StreamSafe uses a binary classifier to score user-generated posts for policy risk and route the highest-risk content to a human safety queue. The current threshold was set six months ago, but policy operations now report that too many harmful posts are slipping through while reviewers are also near capacity.
Validation set size: 200,000 posts. Harmful content prevalence: 2.5% (5,000 posts).

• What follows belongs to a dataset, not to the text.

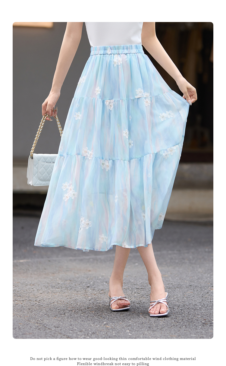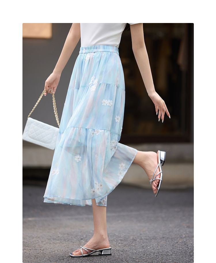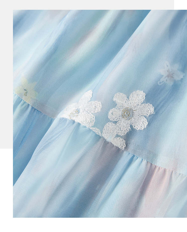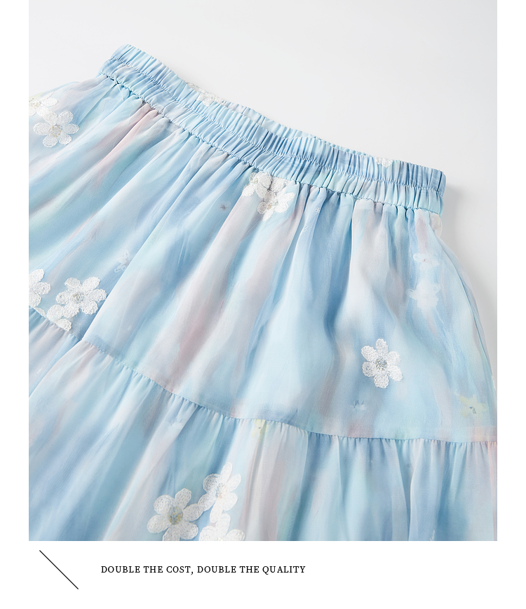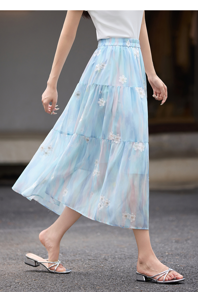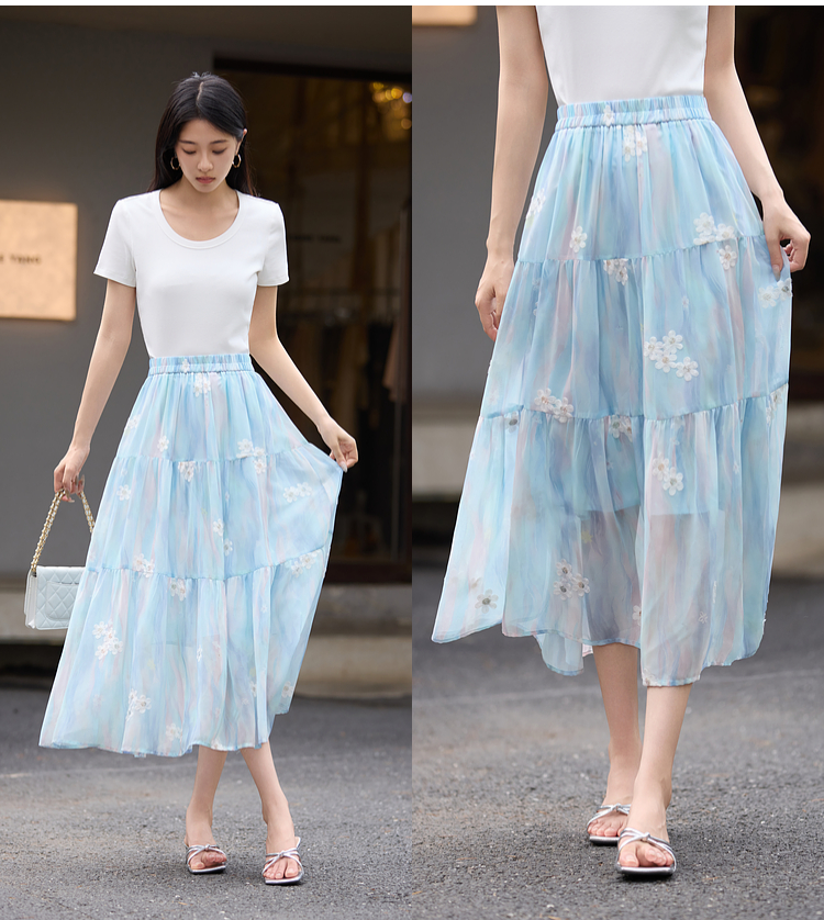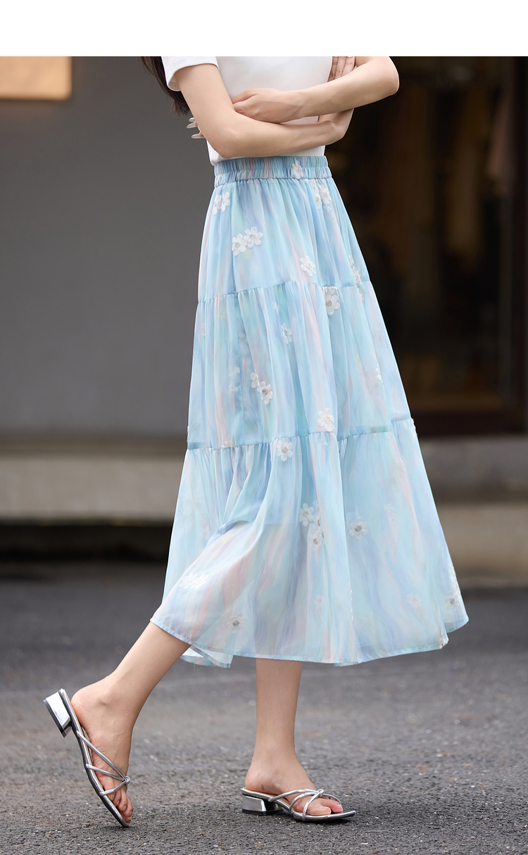 【专属特价】熙世界法式浪漫度假风雪纺半身裙女2025年夏日新款晕染绣花蛋糕裙
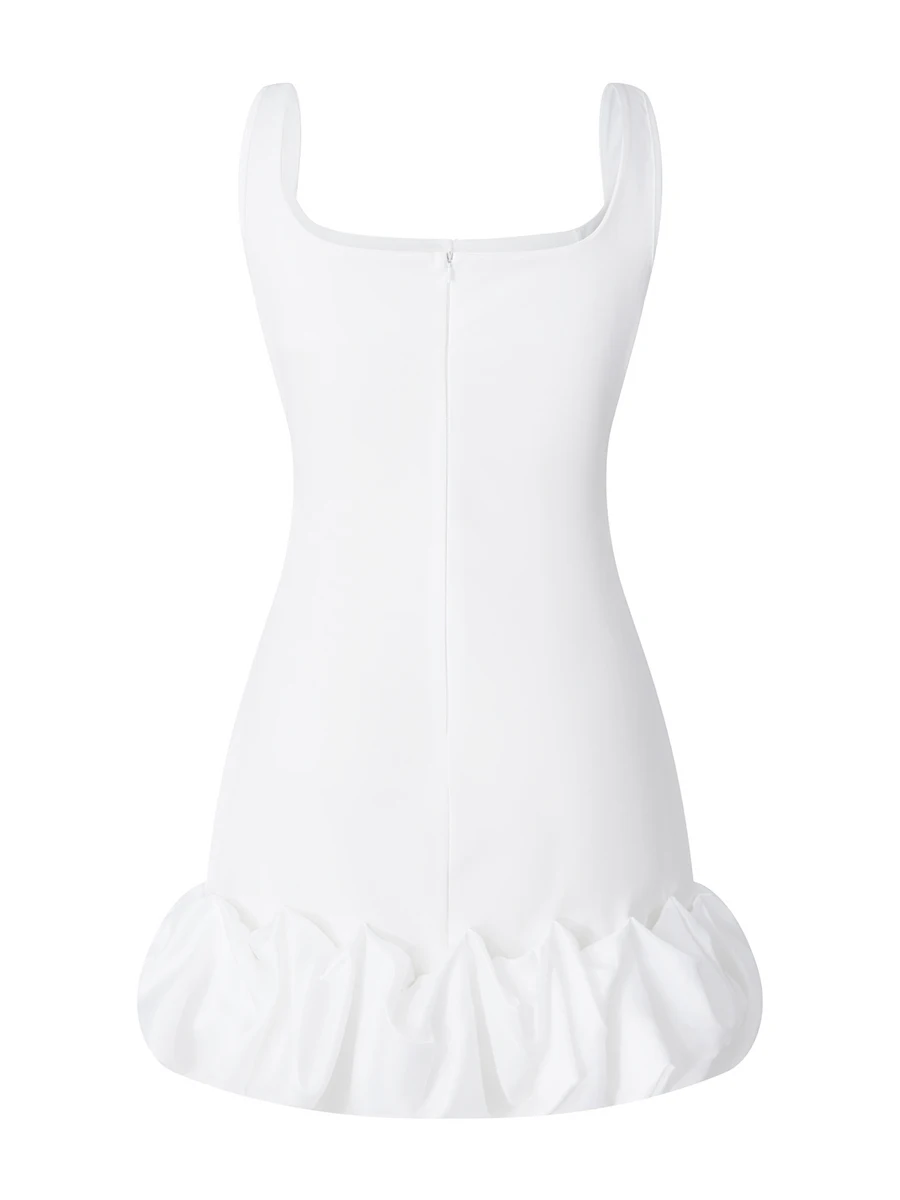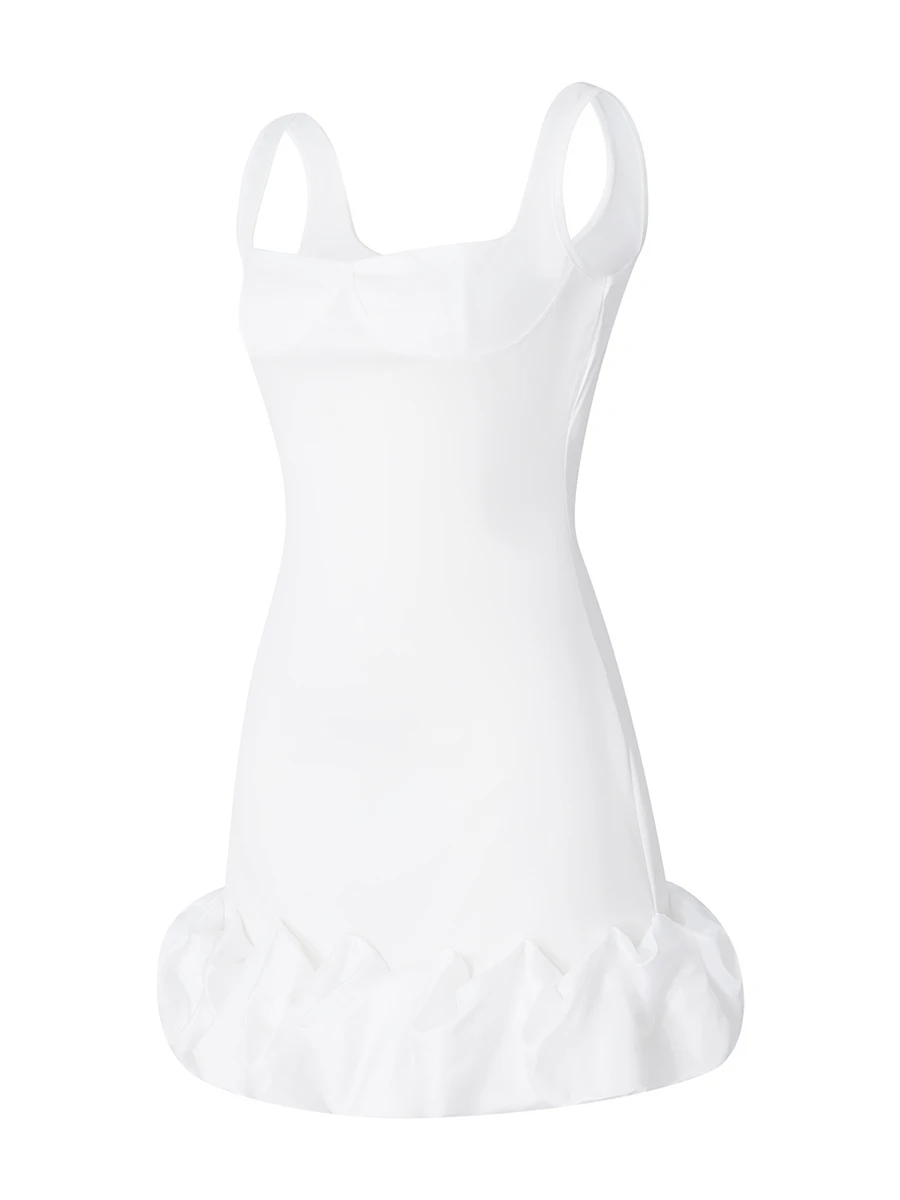 Women Vintage Dress Spaghetti Strap Square Neck Bodycon Bubble Mini Dress Party Evening Sexy Elegant Dresses Summer Clothes

| Threshold | Precision | Recall | F1 | FPR | Posts Routed/Day | Harmful Posts Caught/Day |
|---|---|---|---|---|---|---|
| 0.80 | 0.91 | 0.42 | 0.57 | 0.2% | 1,150 | 525 |
| 0.65 | 0.78 | 0.61 | 0.68 | 0.5% | 2,050 | 763 |
| 0.50 (current) | 0.64 | 0.76 | 0.69 | 1.1% | 3,400 | 950 |
| 0.35 | 0.46 | 0.88 | 0.60 | 2.8% | 6,100 | 1,100 |
| 0.20 | 0.29 | 0.95 | 0.44 | 6.4% | 10,900 | 1,188 |
Leadership wants a threshold recommendation for routing high-risk content. Missing truly harmful content has regulatory and brand risk, but false positives consume reviewer bandwidth and delay benign posts.